Der brasilianische Gitarrist, Perkussionist und Sänger Alegre Corrêa entführt als musikalischer Weltenbummler in eine faszinierende Welt, in der sich alles um lustvolles Musizieren und um das wohlklingende, geheimnisvolle Wort "Saudade" dreht.

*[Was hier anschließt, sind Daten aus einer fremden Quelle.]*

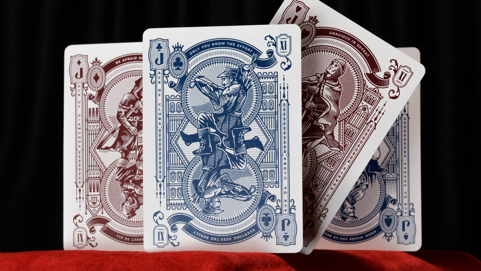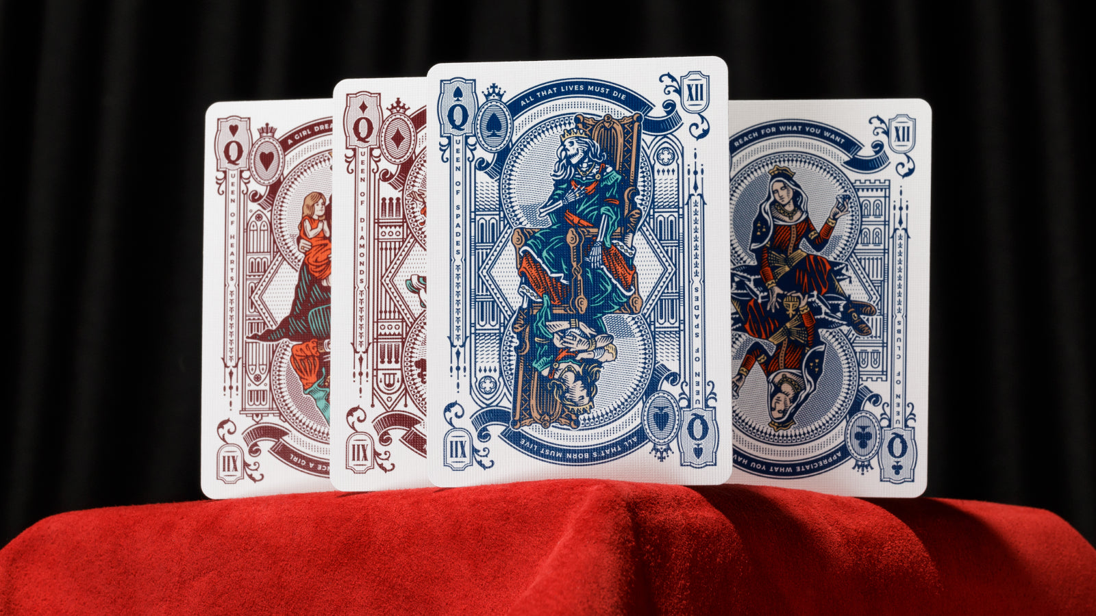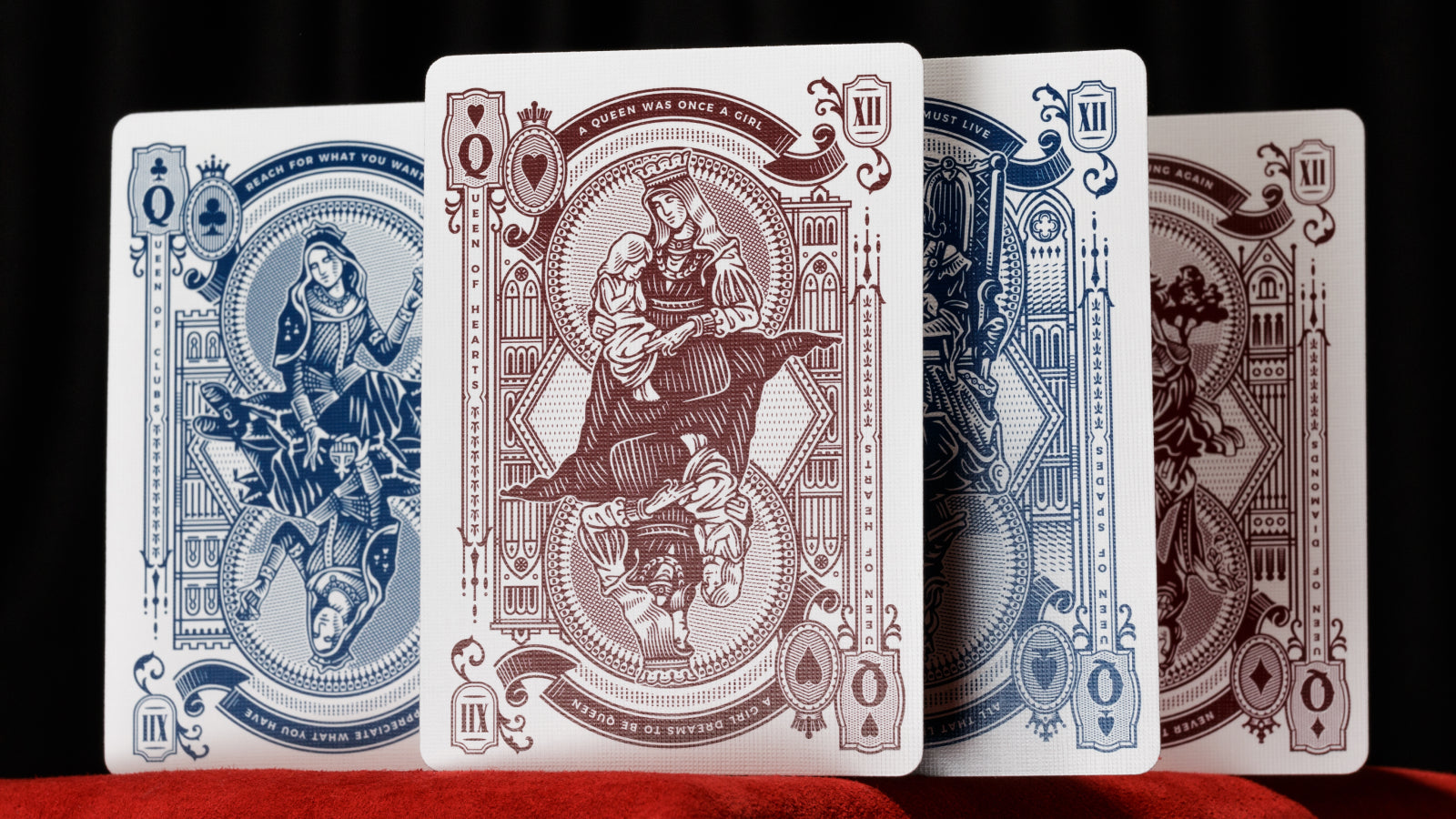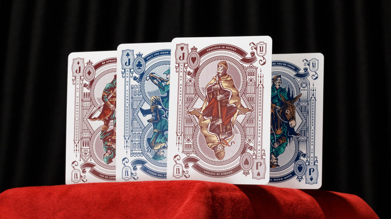 Housed in a deep blue tuck with gold and blue foil accents, this version showcases full-color court cards printed in pantone inks. A 2,500-deck run, produced by USPCC.

Erst kürzlich wurde der Begriff unter die Top Ten der schönsten und gleichzeitig am schwierigsten zu übersetzenden Wörter der Welt gewählt: Sehnsucht, Verlangen … all das und viel mehr steckt in den "Saudades do Brasil" – mitreißende Rhythmen und raffinierte Arrangements mit Alegre Corrêa und seinem Ensemble.
Alegre Corrêa Group
Alegre Corrêa Gitarre und Vocals
Klemens Bittmann Violine
Gerald Preinfalk Reeds
Alune Wade Bass
spcial guest aus brasilien:
Carol Pereyr Vocals.
KOLLER-PREIS 2003:
Musiker des Jahres: Alegre Corrêa
Der aus Brasilien stammende, dreiundvierzigjährige Gitarrist, Sänger und Komponist, für den 'Musik machen viel mehr bedeutet als das bloße Spielen der richtigen Noten' (Eigendefinition), hat in den letzten fünfzehn Jahren durch das Einbringen seiner brasilianischen Musik-Idioms nicht nur die Vielfältigkeit unserer Jazzszene bereichert, sondern auch mit seinen Projekten der letzten Monate - einem Konzert, gemeinsam mit Wolfgang Muthspiel im Wiener Konzerthaus, einem Auftritt mit eigenem Ensemble in der Staatsoper, durch die Zusammenarbeit mit Exponenten der authentischen Wiener Volksmusik und als Mitglied des Vienna Art Orchestra - der improvisierten Musik in Österreich wesentliche Impulse gegeben.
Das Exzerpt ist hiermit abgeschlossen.